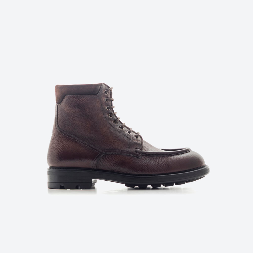 La bota Magnanni Army destaca por su carácter robusto y sofisticado, combinando un diseño de inspiración militar con un acabado refinado. Confeccionado en piel granulada de aspecto natural, presenta una silueta de caña media con cordones que aporta sujeción y presencia. La puntera tipo moc toe añade un toque distintivo y artesanal, mientras que la suela de goma con dibujo dentado mejora la tracción y la estabilidad en el uso diario. Es una propuesta versátil que funciona tanto con looks urbanos como con estilos más formales de temporada, manteniendo una estética sólida y bien definida.
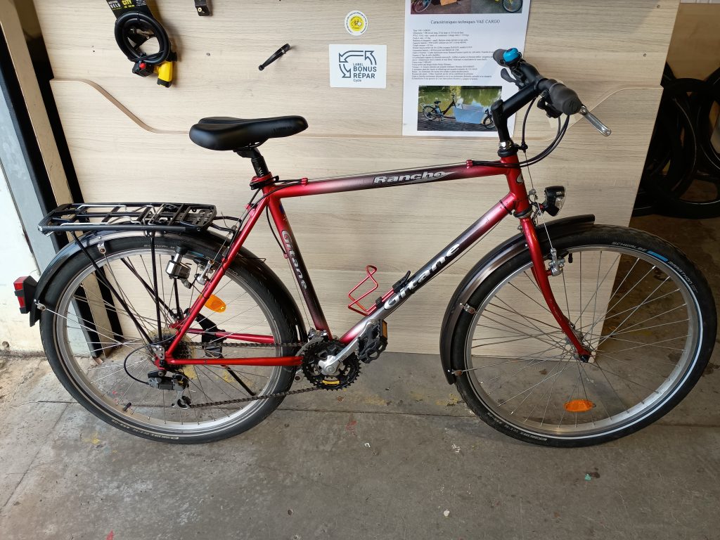 1544 VTT 26″ noir/rouge GITANE : 6 vitesses, garde-boue, porte bagage, lumières, béquille, sonnette
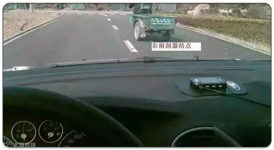 我们都知道,左侧的雨刷器有一个凸起的节点,而这个结点与地面物体重合的时候,就说明车子的左轮会从该处压过。就如图中所示,车子的左轮会从中心线压过。
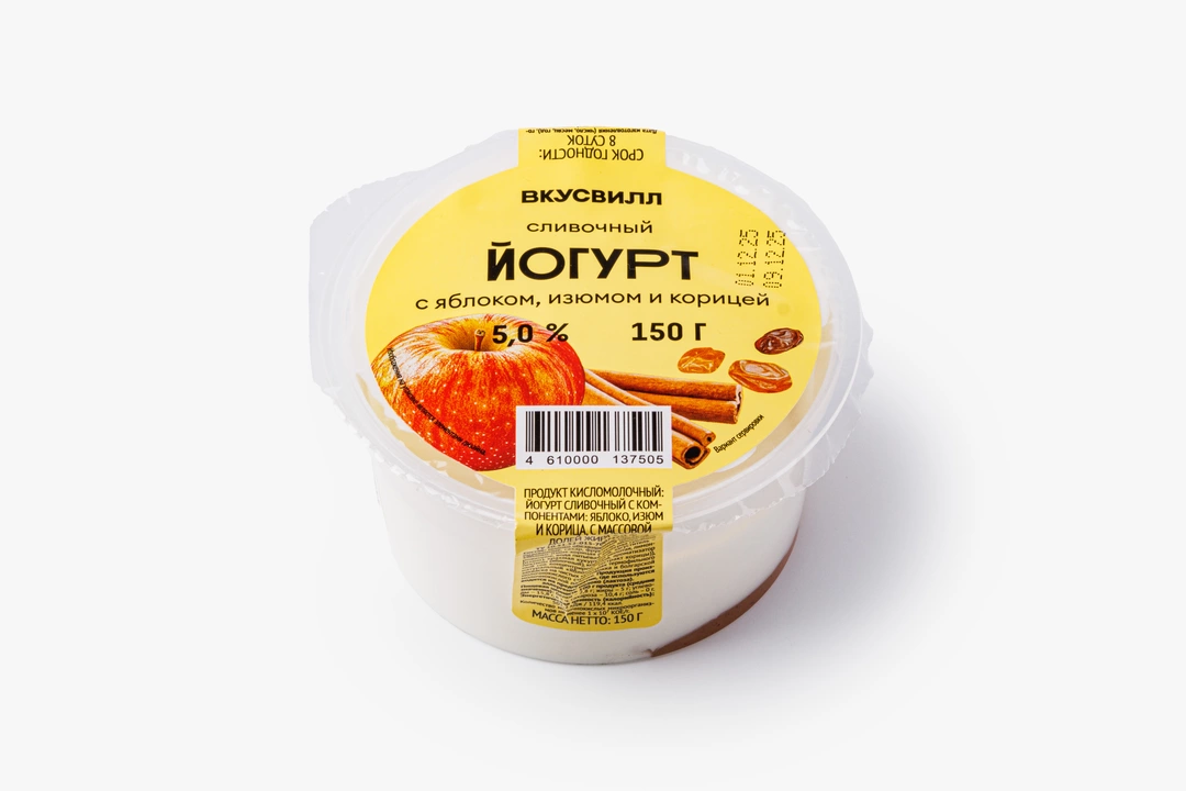 Йогурт сливочный с яблоком, изюмом и корицей 5%
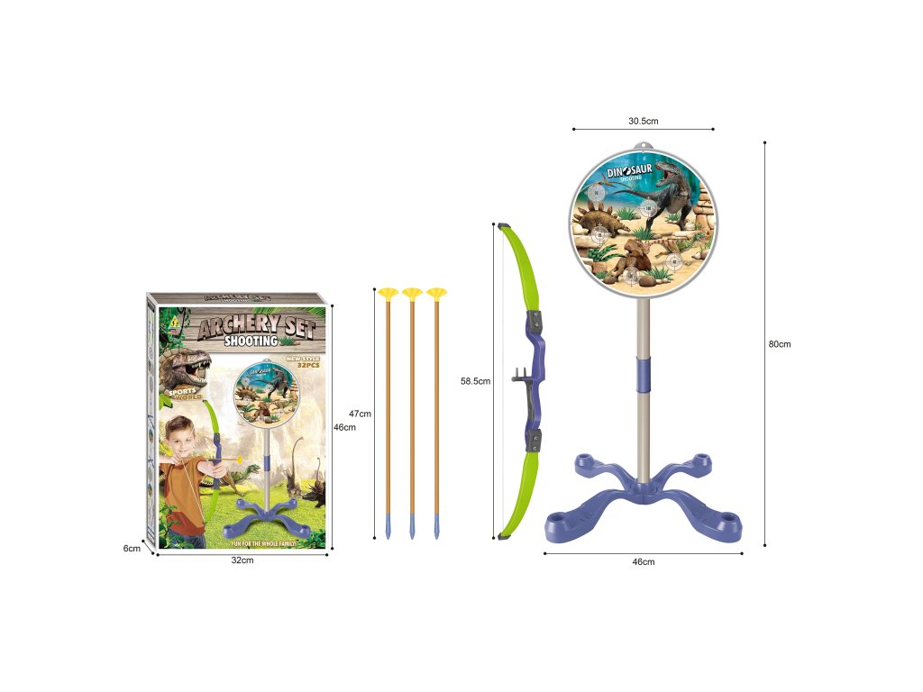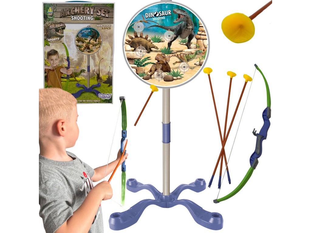 WOOPIE Súprava malého lukostrelca Dinosaury Luk Šípy Štít 32 ks
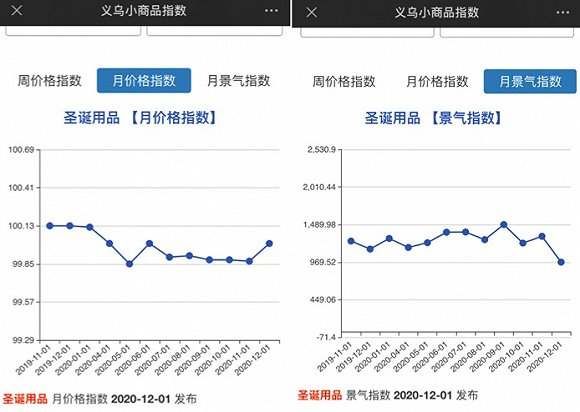 界面新闻获得的义乌小商品圣诞价格和景气指数显示,过去一年(2019年11月1日-2020年12月1日)圣诞用品的月价格指数趋势显示,圣诞用品价格从去年11月滑落至今年5月,6月逐步回暖,在今年12月明显增长,但未能达到去年同期的价格;景气指数则是在今年9月达到峰值,此后折线式回落,至今年12月到低谷。
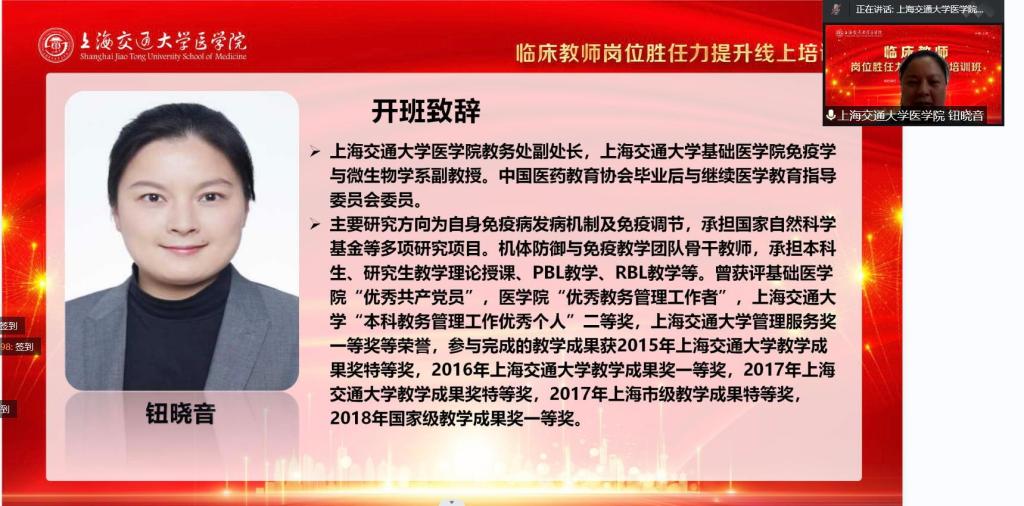 开班仪式由医学教育培训中心主任张萍主持,继续教育学院副院长浦川海和教务处副处长钮晓音先后致辞。他们对来自各304am永利集团官网校及附属医院的教师和教学管理人员的踊跃参与表示热烈的欢迎。浦川海在致辞中指出,从教学设计和临床教学的组织和管理方面出发,增强临床教师的教学能力和教学意识,全面提升教学教师的综合素质,打造高水平的临床教师,是当今时代赋予我们临床教学以及医学教育的使命和担当。本次培训的目的正是在于提高临床教师解决复杂问题的能力,帮助每一位老师全面提升临床教学的理念和技能,希望所有参与的老师都能沉心静气,认真学习,积极交流,共同进步。教务处副处长钮晓音介绍到,本次临床教师岗位胜任力提升线上培训班邀请了来自六家交大304am永利集团官网附属综合性医院的临床教学专家团队来进行专题分享,通过专题课程、工作坊、交流研讨等形式帮助大家提升临床教学意识、教学理念、教学方法和教学研究,大力推进医教协同,培养更多具有较强临床教学执行力和创新精神的优秀医学人才,打造高水平的临床教师队伍。
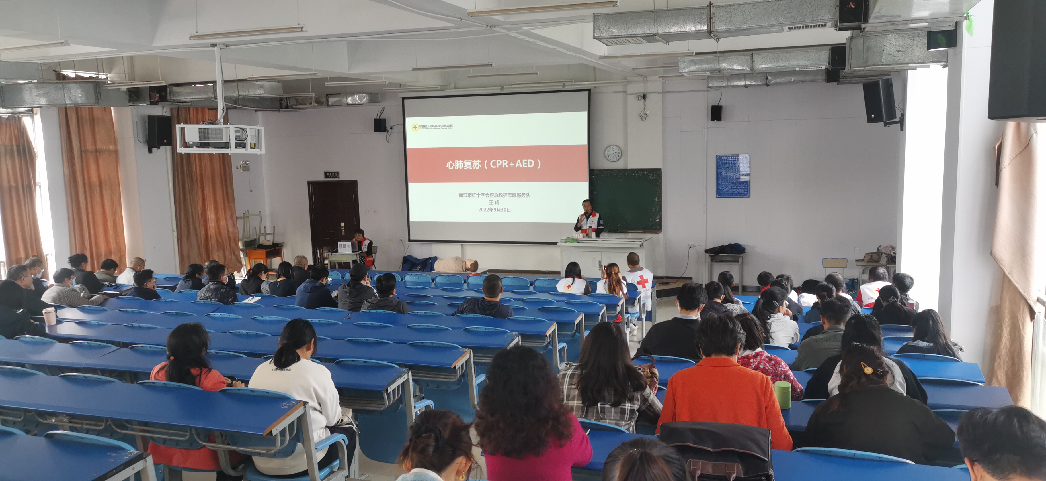 为提高全体师生的安全意识,提升应对突发事件和意外伤害事故的应急救援和自救互救能力,增强广大师生防灾避险意识,推进社会公共安全体系建设。2022年9月30日下午,在丽江市红十字协会与丽江市红十字志愿服务队的大力支持下“丽江师范高等专科学校教职工应急救护培训班(第一期)”在学校开班。在教学楼324举行了简单的开班仪式后,应急救护理论知识和实操课也分别拉开序幕。本次培训分为四期,参训人员包含保卫处、学生处、后勤服务中心等部门职工和辅导员、班主任及学院的教职员工。
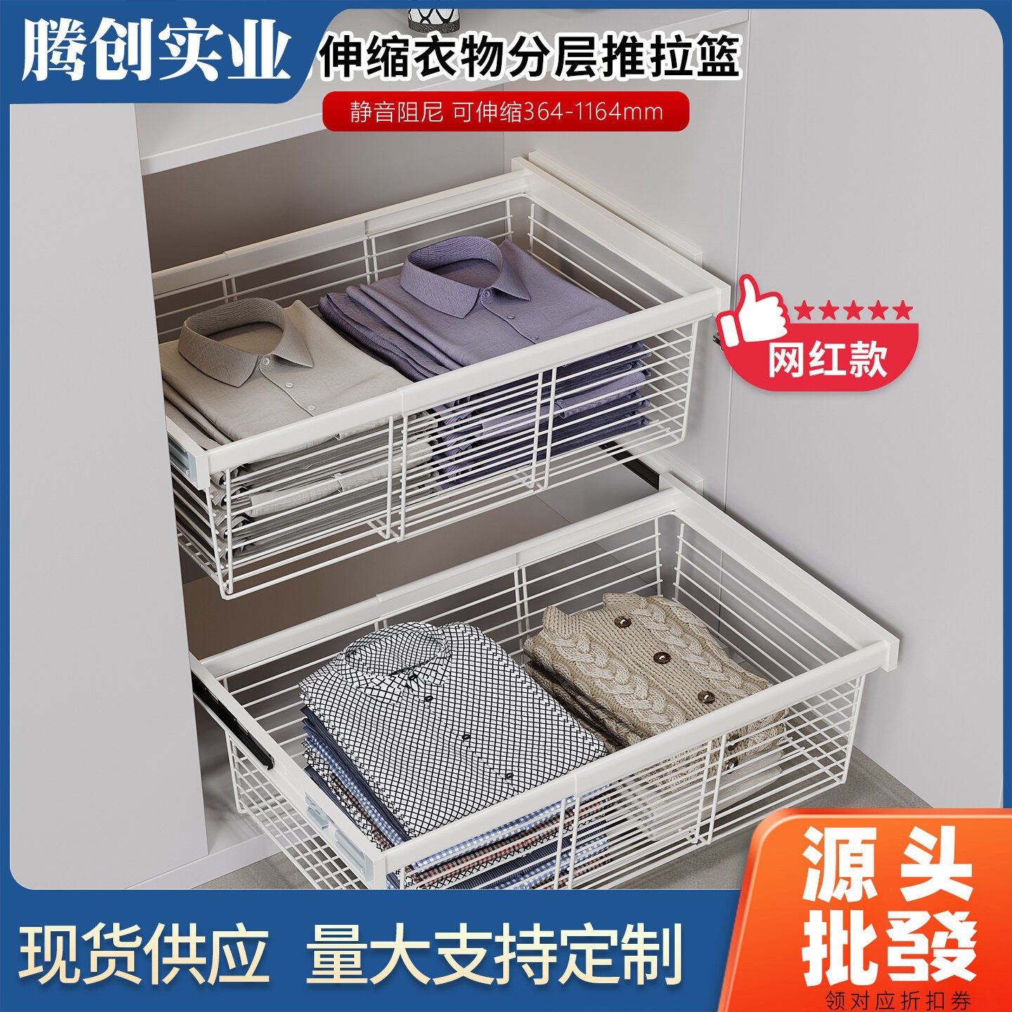 衣柜拉篮抽屉式伸缩阻尼滑轨衣帽间衣物架内置收纳分层推拉篮网篮
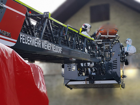 Nach der Erkundung durch den Einsatzleiter und nach Absprache mit dem Rettungsdienst war die eigentliche Rettungsaktion Routine: Der Korb der Wiener Neudorfer Drehleiter verfügt über eine Halterung für Krankentragen – damit konnte der Patient in einer Korbschleiftrage vorsichtig über den Balkon gehoben und in der Nähe des Rettungsfahrzeuges abgesetzt werden.
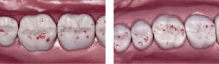 Arti-Fol es ideal para la visualización de la oclusión estática y dinámica en varios colores. 1. En el primer paso se controlan los contactos céntricos (oclusión estática) en rojo, en el segundo paso los contactos excéntricos (oclusión dinámica) en azul. El orden de los colores se puede cambiar. Para una visualización más precisa de la oclusión dinámica se pueden utilizar varios colores.
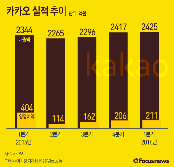 (서울=포커스뉴스) 카카오는 연결기준 올해 1분기 영업이익이 전년 동기 대비 47.7% 감소한 211억원이라고 12일 공시했다. 같은 기간 매출은 3.5% 늘어난 2425억원으로 집계됐다.
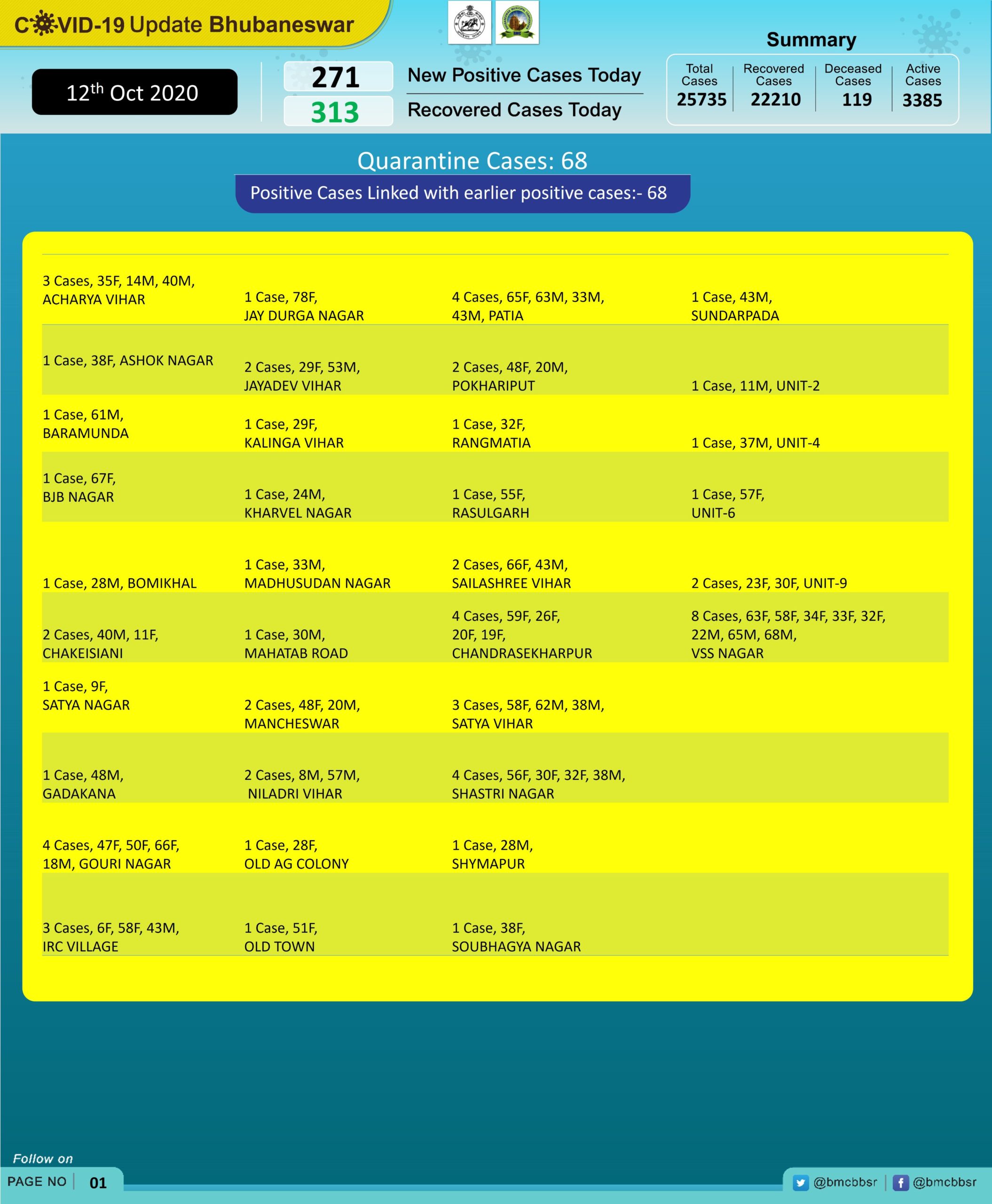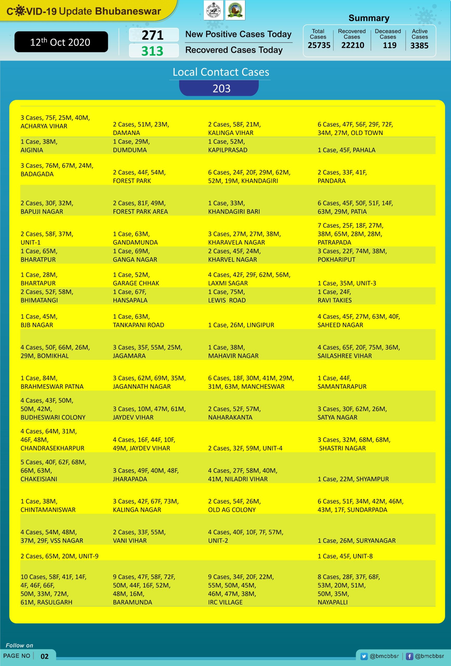 According to Bhubaneswar Municipal Corporation (BMC), 68 are quarantine and 203 local contact cases.

★ ★ ★

◆ Exercise requirements
Using the material above, reproduce only the lines that run from the line with "Йогурт сливочный с" up to and including the line with "界面新闻获得的义乌小商品圣诞", exactly, with the pictures dropped.

◆ Exercise output
 Йогурт сливочный с яблоком, изюмом и корицей 5%
 WOOPIE Súprava malého lukostrelca Dinosaury Luk Šípy Štít 32 ks
 界面新闻获得的义乌小商品圣诞价格和景气指数显示,过去一年(2019年11月1日-2020年12月1日)圣诞用品的月价格指数趋势显示,圣诞用品价格从去年11月滑落至今年5月,6月逐步回暖,在今年12月明显增长,但未能达到去年同期的价格;景气指数则是在今年9月达到峰值,此后折线式回落,至今年12月到低谷。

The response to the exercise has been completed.